The April/May Issue

Apr 24, 17:03 by IROSF
Thread for the discussion of the current issue in general, or the state of digital publishing in specific.

The editorial is here.
Apr 25, 03:48 by A.R. Yngve

The problem with introducing a new media format USED to be not too many titles (movies, books, games, thingamajigs), but too few. At least nobody complains that "there are too many e-books", so it's a promising beginning...

The problem here is rather: How do I find the good titles? Or, to be super-specific: How do I find the books that I like?

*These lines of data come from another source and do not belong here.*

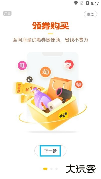 ・领券购买,全网海量优惠券随便领,省钱不费力,点击【下一步】;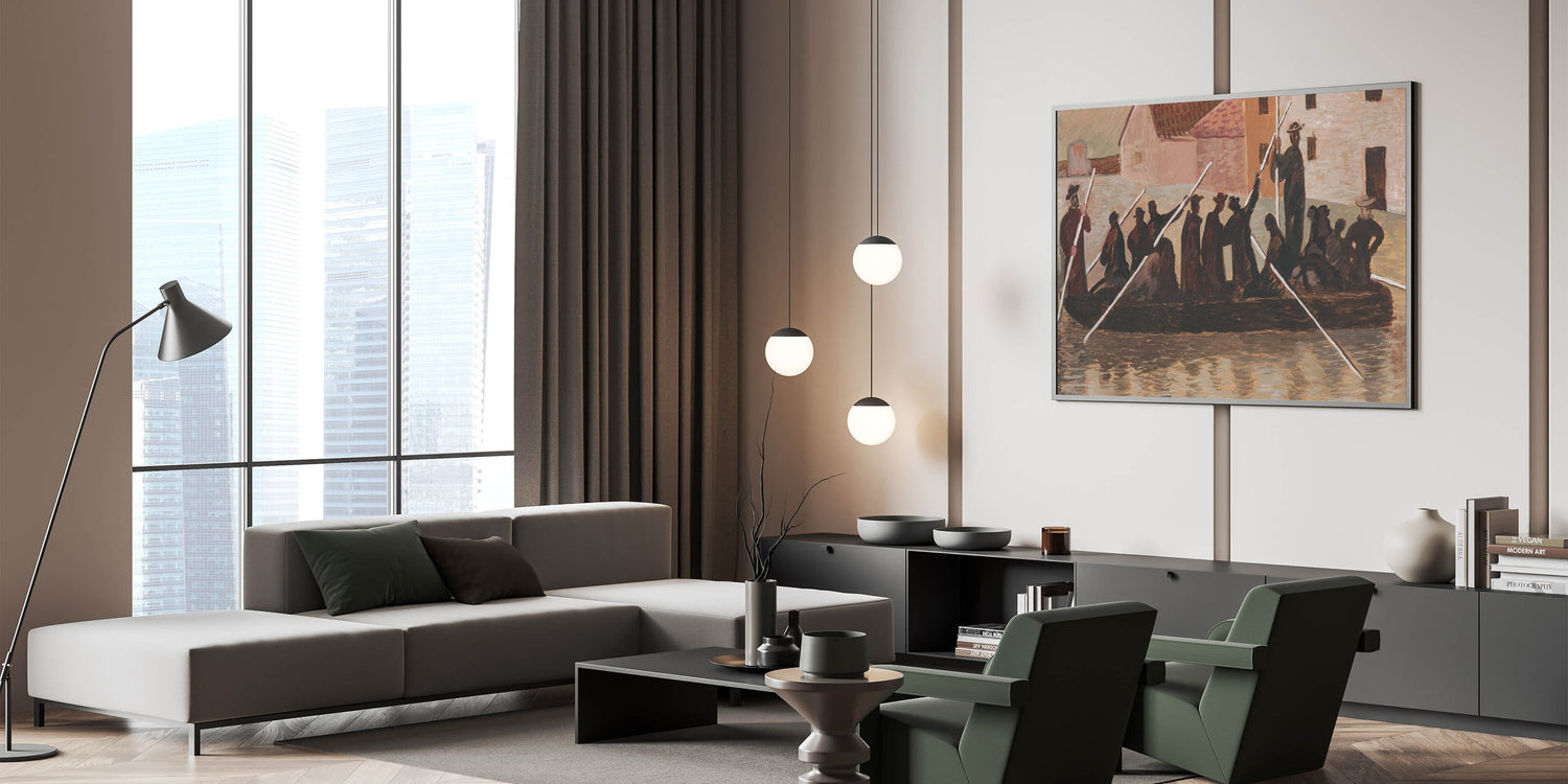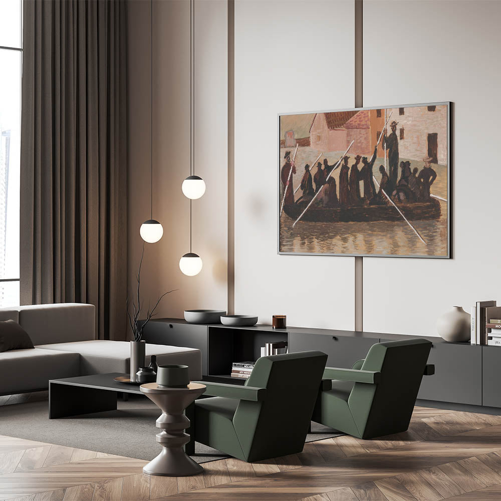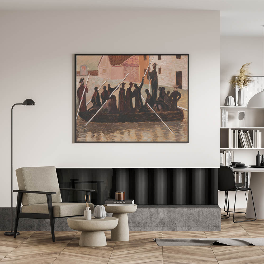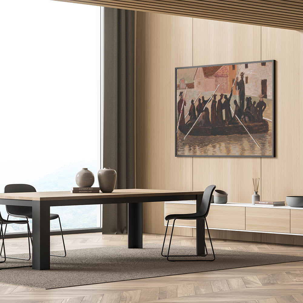 Bring a sense of historical depth and resilience to your space with this Modern Wall Art, inspired by Cyprián Majerník's "The Flood." This artwork captures a group of people navigating turbulent waters, rendered in earthy tones of brown and beige. The rustic style and timeless theme make this piece ideal for those who appreciate unique modern art that conveys strength and unity.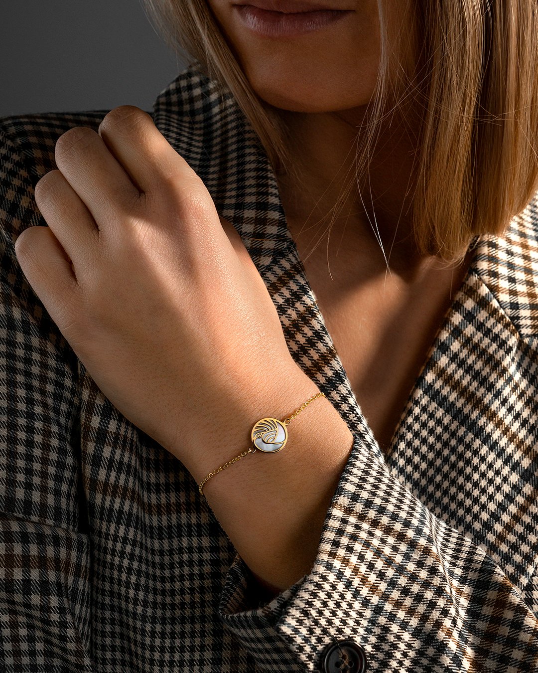 Das Colombetti Doro Armband besteht aus einem Perlmuttstück und einer vergoldeten Edelstahlkette.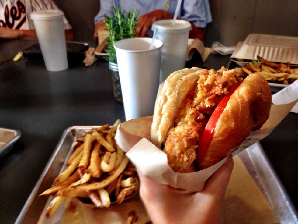 I had the pleasure of eating the Chicken and "Not So Waffle" sandwich with a side of french fries and fried green tomatoes (I had to go a bit nuts, it was my first time there after all). I highly recommend it to everyone that goes to eat at Boxcar Betty's. Prepare to be completely satisfied, yet still craving more of their delicious fried chicken sandwiches.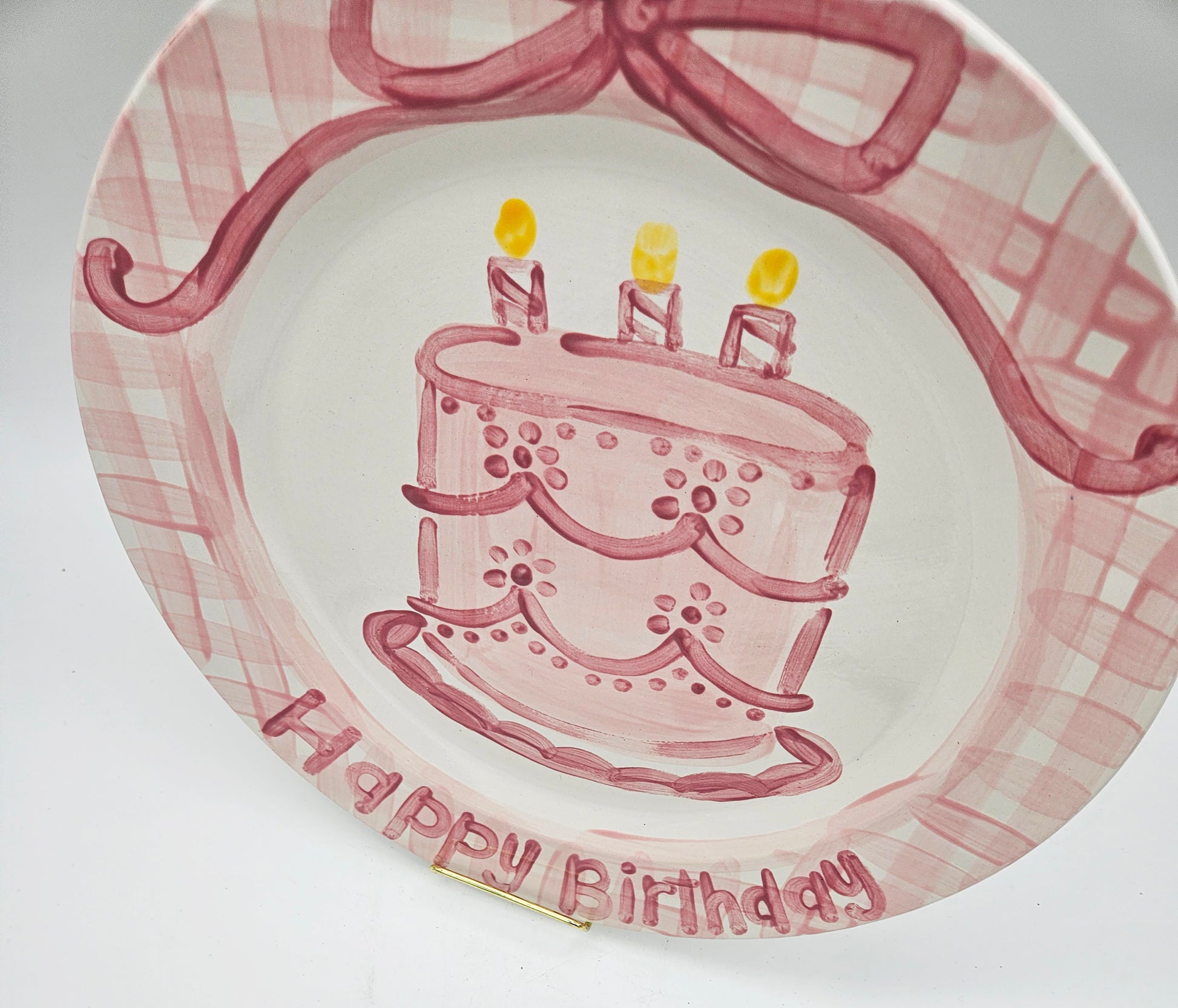 Pink Gingham Cake Happy Birthday Plate. All our collectible plates are hand painted to order. This design can be customized with a name. Perfect for birthday parties or treats on a child's special day.

So how will people find the e-books they want to read?
1. Word of mouth
2. Advertising
3. Book reviews
4. Websurfing

There are not that many reviewers of e-books (yet). And they'll have to be pretty strict unless they're going to be drowned in junk.

Now, I wish there was a computer program that could weed out bad books or locate the ones I like, but there ain't no such thing.

Besides, if you think there are many digital titles NOW, just wait until it starts to diversify: e-books made for the elderly, interactive children's books, every possible niche market including colorblind Eskimos with psoriasis...

Anyone who thinks of writing/publishing for the e-book market should try and find and exploit a niche market -- or several ones. If e-book titles are expected to sell in small numbers, it pays to have as many titles as possible, and the more obscure the better. (See "The Long Tail" on Wikipedia.)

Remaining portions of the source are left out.